In Formula 1, n is an integer of 0 to 4. A prepolymer block prepared from a monomer mixture comprising a polyol component comprising the crosslinked polyol composition of any one of claims 1 to 10 and a polyacid component; and a polyacid component; as a repeating unit, the polyester resin. The polyester resin according to claim 12, wherein the content of the crosslinked polyol composition included as a repeating unit is greater than 0.3 parts by weight and less than 27.3 parts by weight, based on 100 parts by weight of the polyester resin. The polyester resin according to claim 12, wherein the polyol component further comprises a diol component other than the crosslinked polyol composition. The polyester resin according to claim 14, wherein the diol component other than the crosslinked polyol composition is an aliphatic diol, an cycloaliphatic diol, an aromatic diol, or a combination thereof. 16. The method according to claim 15, wherein the aliphatic diol is a linear or branched aliphatic diol having 2 to 8 carbon atoms; the alicyclic diol is an alicyclic diol having 5 to 20 carbon atoms and containing 1 to 4 5-membered ring structures or 6-membered ring structures; The polyester resin, wherein the aromatic diol is an aromatic diol having 6 to 20 carbon atoms and containing 1 to 4 aromatic ring structures. 16. The method of claim 15,
The aliphatic diol is ethylene glycol, diethylene glycol, triethylene glycol, 1,3-propanediol, 1,2-propanediol, 1,4-butanediol, 1,3-butanediol, 1,2-butanediol, 2,2- dimethyl-1,3-propanediol, neopentylglycol, pentanediol, hexanediol, heptanediol, and combinations thereof;
The alicyclic diol is 1,4-cyclohexanediol, 1,3-cyclohexanediol, 1,2-cyclohexanediol, 1,4-cyclohexanedimethanol, 1,3-cyclohexanedimethanol, 1,2- selected from the group consisting of cyclohexanedimethanol, tetramethylcyclobutanediol, tricyclodecanedimethanol, adamantanediol, and combinations thereof;
Aromatic diol is bisphenol A, 4,4'-dihydroxy-diphenyl sulfone, 4,4'-biphenol, hydroquinone, 4,4'-dihydroxy-diphenyl ether, 3-(4-hydroxyl phenoxy) phenol, bis (4-hydroxyphenyl) sulfide, and combinations thereof,
polyester resin. 15. The polyol according to claim 14, wherein the polyol component comprises 1 to 50 parts by weight of the crosslinked polyol composition and 50 to 99 parts by weight of a diol component other than the crosslinked polyol composition, based on 100 parts by weight of the total polyol component. ester resin.

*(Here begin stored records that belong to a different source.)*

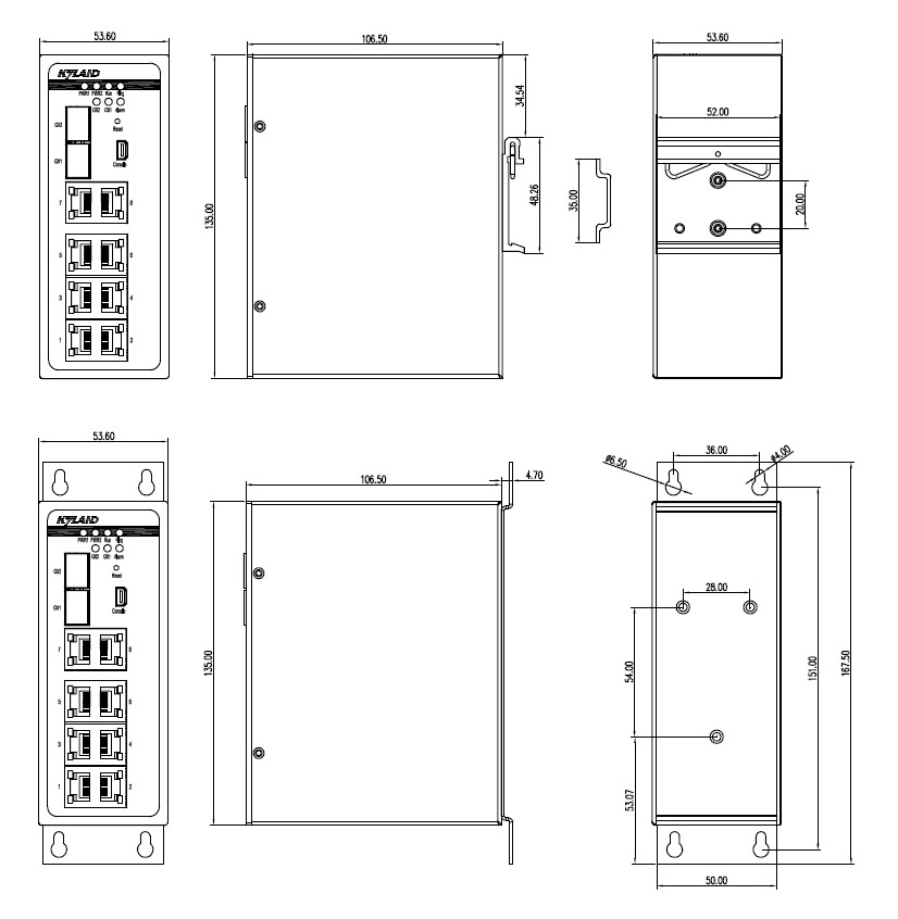| Management and Maintenance | Supports Console, Telnet, WEB management methods Supports SNMPv1/v2c/v3, Kyvision centralized management Supports software upgrade by SFTP/HTTP Supports Power alarm, IP/MAC conflict alarm, Memory/CPU usage alarm, Port alarm, Ring alarm, Port traffic alarm, CRC error and packet lose alarm, SFP port RX power alarm and TX power alarm Supports DDM (SFP port) Supports loop detection Supports RMON Supports port mirroring Supports Syslog Supports LLDP Supports Link-check Supports EtherNet/IP, Modbus/TCP Supports IPv4/IPv6 |
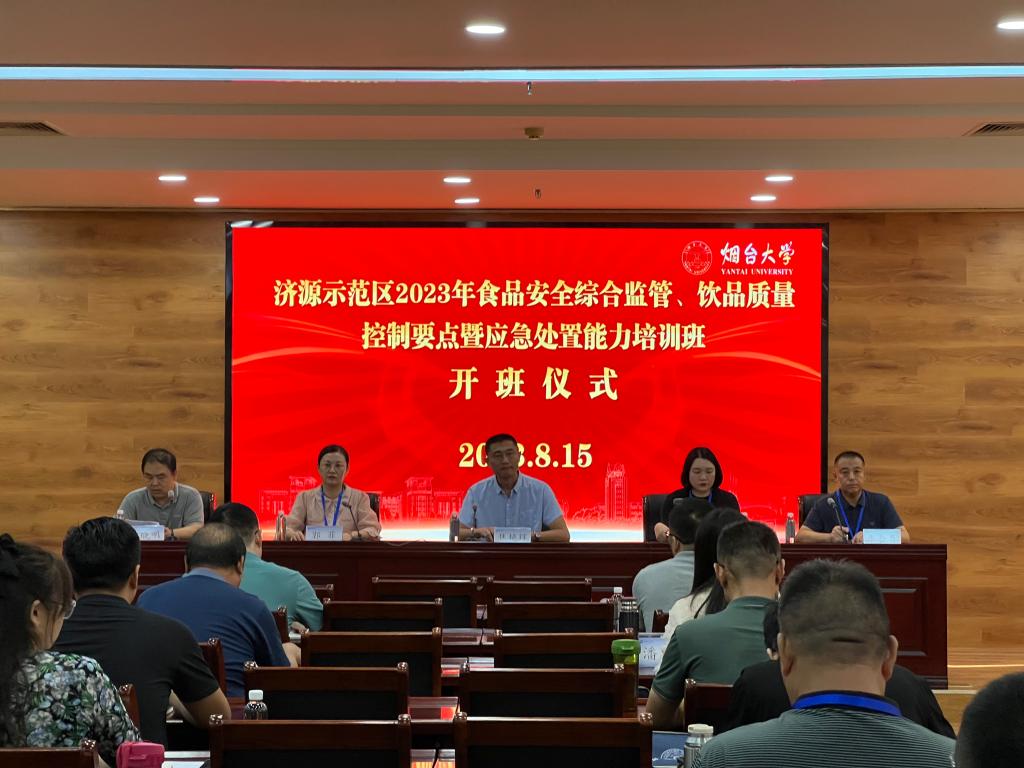 8月15日,河南省济源示范区市场监督管理局食品安全监管人员业务提升培训班在烟台大学开班。济源示范区市场监督管理局副局长郭菲、王爱玲、李合喜,烟台大学继续教育学院副院长焦艳辉出席开班仪式。济源示范区市场监督管理局相关科室负责同志、全区乡镇主要负责同志共50人参加培训。开班仪式由继续教育学院郭晓明主持。
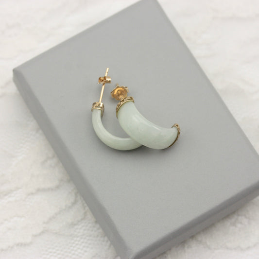 Pre-owned 9ct Gold and Jade Half Hoop Earrings
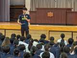 本校の全校朝礼は、月に一度、計画的に行われています。 次第は主に、講話、表彰、...
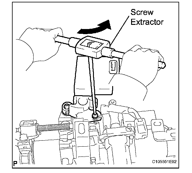 (c) Using a screw extractor, remove the 2 bolts and steering lock actuator from the steering column.

The polyester resin according to claim 12, wherein the polyacid component is a diacid, a triacid, or a mixture thereof. The polyester resin according to claim 19, wherein the diacid is selected from the group consisting of aromatic dicarboxylic acids having 8 to 14 carbon atoms, aliphatic dicarboxylic acids having 4 to 12 carbon atoms, and combinations thereof. 20. The method of claim 19, wherein the diacid is terephthalic acid, isophthalic acid, naphthalenedicarboxylic acid, diphenyl dicarboxylic acid, cyclohexanedicarboxylic acid, phthalic acid, sebacic acid, succinic acid, maleic acid, fumaric acid, adipic acid, glue A polyester resin selected from the group consisting of taric acid and combinations thereof, wherein the trivalent acid is trimellitic acid or anhydride thereof. 13. The method according to claim 12, wherein the polyester resin has an acid value of 40 to 70 mgKOH/g, a viscosity of 2,000 to 6,000 cPs (measured with a Brookfield viscometer at 200 °C), and a glass transition temperature of 55 to 100 °C, polyester resin. (1) preparing a prepolymer by reacting a polyol component comprising the crosslinked polyol composition of any one of claims 1 to 10 with a polyhydric acid component; and
(2) preparing a polyester resin by reacting the prepolymer prepared in step (1) with a polyacid component;
A method for producing a polyester resin. The polyester resin of claim 12; and a curing agent; and a powder coating composition comprising a. The powder coating composition according to claim 24, wherein the curing agent is an epoxy resin curing agent.